What to work on: Go to the line below containing "kỳ hấp dẫn." and print exactly from there through the line containing "配有工具,安装挺方便的。凳子", both included. Print nothing else.

Data to use:
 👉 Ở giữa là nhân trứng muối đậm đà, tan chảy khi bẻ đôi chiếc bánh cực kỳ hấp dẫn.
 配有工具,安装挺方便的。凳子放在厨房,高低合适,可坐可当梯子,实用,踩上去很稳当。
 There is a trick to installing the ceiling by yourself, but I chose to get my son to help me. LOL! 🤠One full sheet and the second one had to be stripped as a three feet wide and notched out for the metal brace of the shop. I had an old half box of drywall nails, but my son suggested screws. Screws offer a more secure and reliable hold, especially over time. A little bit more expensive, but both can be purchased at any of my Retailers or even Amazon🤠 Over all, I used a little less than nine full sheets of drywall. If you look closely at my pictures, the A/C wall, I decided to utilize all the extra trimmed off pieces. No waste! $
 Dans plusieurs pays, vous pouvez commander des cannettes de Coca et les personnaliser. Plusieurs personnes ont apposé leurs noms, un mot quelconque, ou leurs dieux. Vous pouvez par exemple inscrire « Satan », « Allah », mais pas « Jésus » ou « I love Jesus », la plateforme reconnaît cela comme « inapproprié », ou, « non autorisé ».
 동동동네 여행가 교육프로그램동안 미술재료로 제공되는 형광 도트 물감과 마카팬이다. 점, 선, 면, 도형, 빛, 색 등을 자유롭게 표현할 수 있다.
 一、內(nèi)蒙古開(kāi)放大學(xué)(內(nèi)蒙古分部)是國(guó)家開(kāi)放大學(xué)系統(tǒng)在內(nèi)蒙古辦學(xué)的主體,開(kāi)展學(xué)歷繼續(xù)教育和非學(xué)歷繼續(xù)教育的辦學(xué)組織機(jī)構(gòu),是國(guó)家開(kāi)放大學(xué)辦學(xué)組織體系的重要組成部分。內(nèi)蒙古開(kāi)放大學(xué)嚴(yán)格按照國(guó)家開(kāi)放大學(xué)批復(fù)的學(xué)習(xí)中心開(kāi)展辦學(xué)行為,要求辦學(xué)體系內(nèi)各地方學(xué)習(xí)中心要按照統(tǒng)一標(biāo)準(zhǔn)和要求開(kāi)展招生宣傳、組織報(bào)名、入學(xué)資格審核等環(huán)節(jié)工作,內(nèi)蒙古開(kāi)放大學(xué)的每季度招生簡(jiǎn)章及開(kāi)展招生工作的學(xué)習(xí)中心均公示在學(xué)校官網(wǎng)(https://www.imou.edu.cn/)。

==

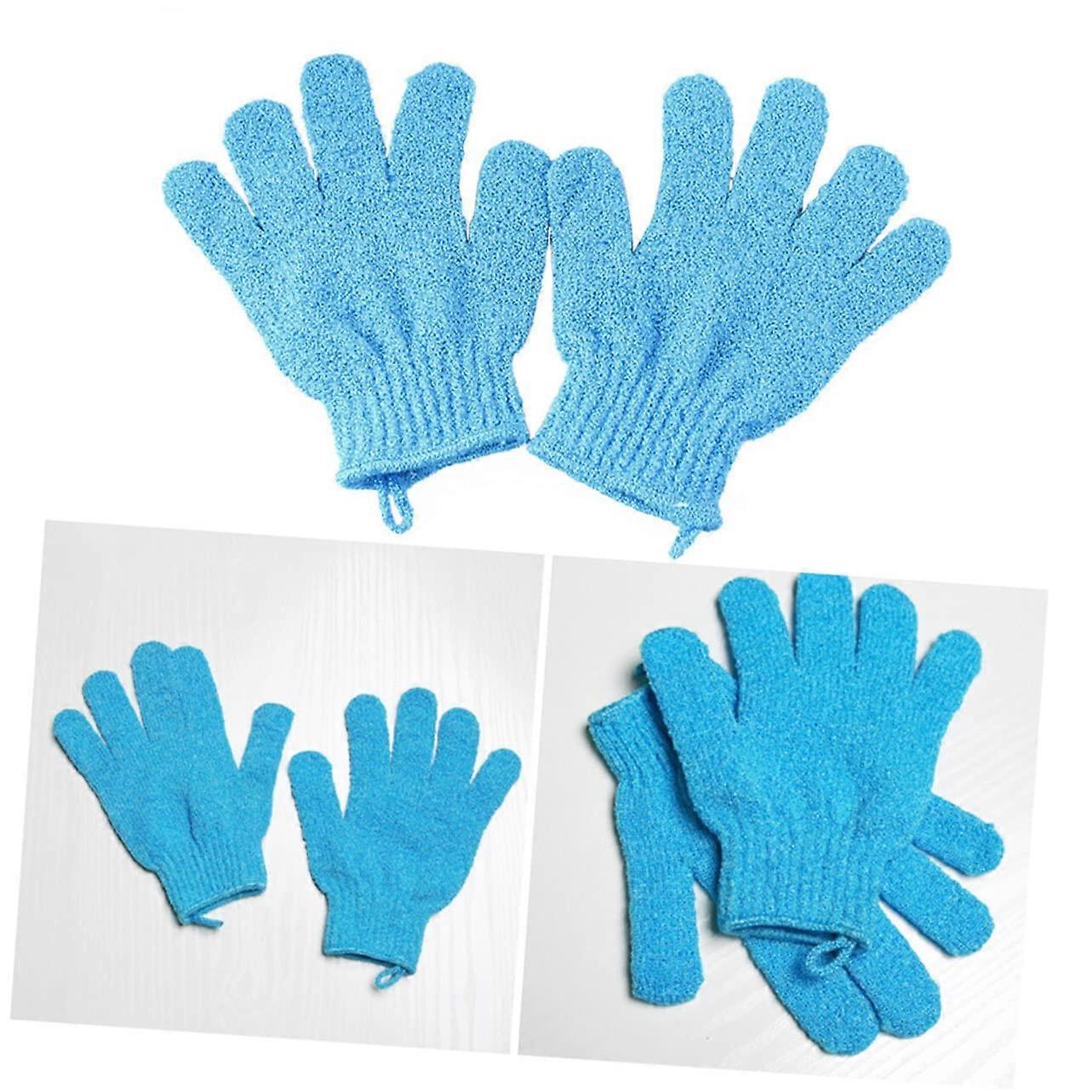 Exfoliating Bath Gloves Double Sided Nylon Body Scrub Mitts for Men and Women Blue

---

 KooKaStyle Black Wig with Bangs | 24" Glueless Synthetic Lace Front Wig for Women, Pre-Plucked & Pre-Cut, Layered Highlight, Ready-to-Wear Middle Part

Completed exercise:
 👉 Ở giữa là nhân trứng muối đậm đà, tan chảy khi bẻ đôi chiếc bánh cực kỳ hấp dẫn.
 配有工具,安装挺方便的。凳子放在厨房,高低合适,可坐可当梯子,实用,踩上去很稳当。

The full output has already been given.